Work required
In the entries below, find the line containing "千葉県南房総市へ出張買取 山善 IH調理器" and the line containing "- Optimal størrelse: Hver". Copy those two lines and everything between them exactly, and only that.

Input
== Segment start ==
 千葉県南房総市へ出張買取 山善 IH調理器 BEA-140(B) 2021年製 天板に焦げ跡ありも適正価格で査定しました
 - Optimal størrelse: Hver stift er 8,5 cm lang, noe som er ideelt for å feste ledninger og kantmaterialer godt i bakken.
== Segment end ==
== Segment start ==
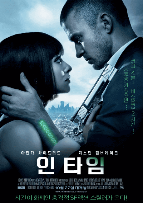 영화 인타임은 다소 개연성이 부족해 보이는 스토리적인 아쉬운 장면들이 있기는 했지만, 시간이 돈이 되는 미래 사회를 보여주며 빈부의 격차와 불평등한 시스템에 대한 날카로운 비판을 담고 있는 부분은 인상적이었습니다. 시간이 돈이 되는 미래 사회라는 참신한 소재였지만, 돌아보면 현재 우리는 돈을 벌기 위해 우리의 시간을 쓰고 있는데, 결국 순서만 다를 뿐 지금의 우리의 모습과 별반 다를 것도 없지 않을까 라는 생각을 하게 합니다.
== Segment end ==
Answer to this task
 千葉県南房総市へ出張買取 山善 IH調理器 BEA-140(B) 2021年製 天板に焦げ跡ありも適正価格で査定しました
 - Optimal størrelse: Hver stift er 8,5 cm lang, noe som er ideelt for å feste ledninger og kantmaterialer godt i bakken.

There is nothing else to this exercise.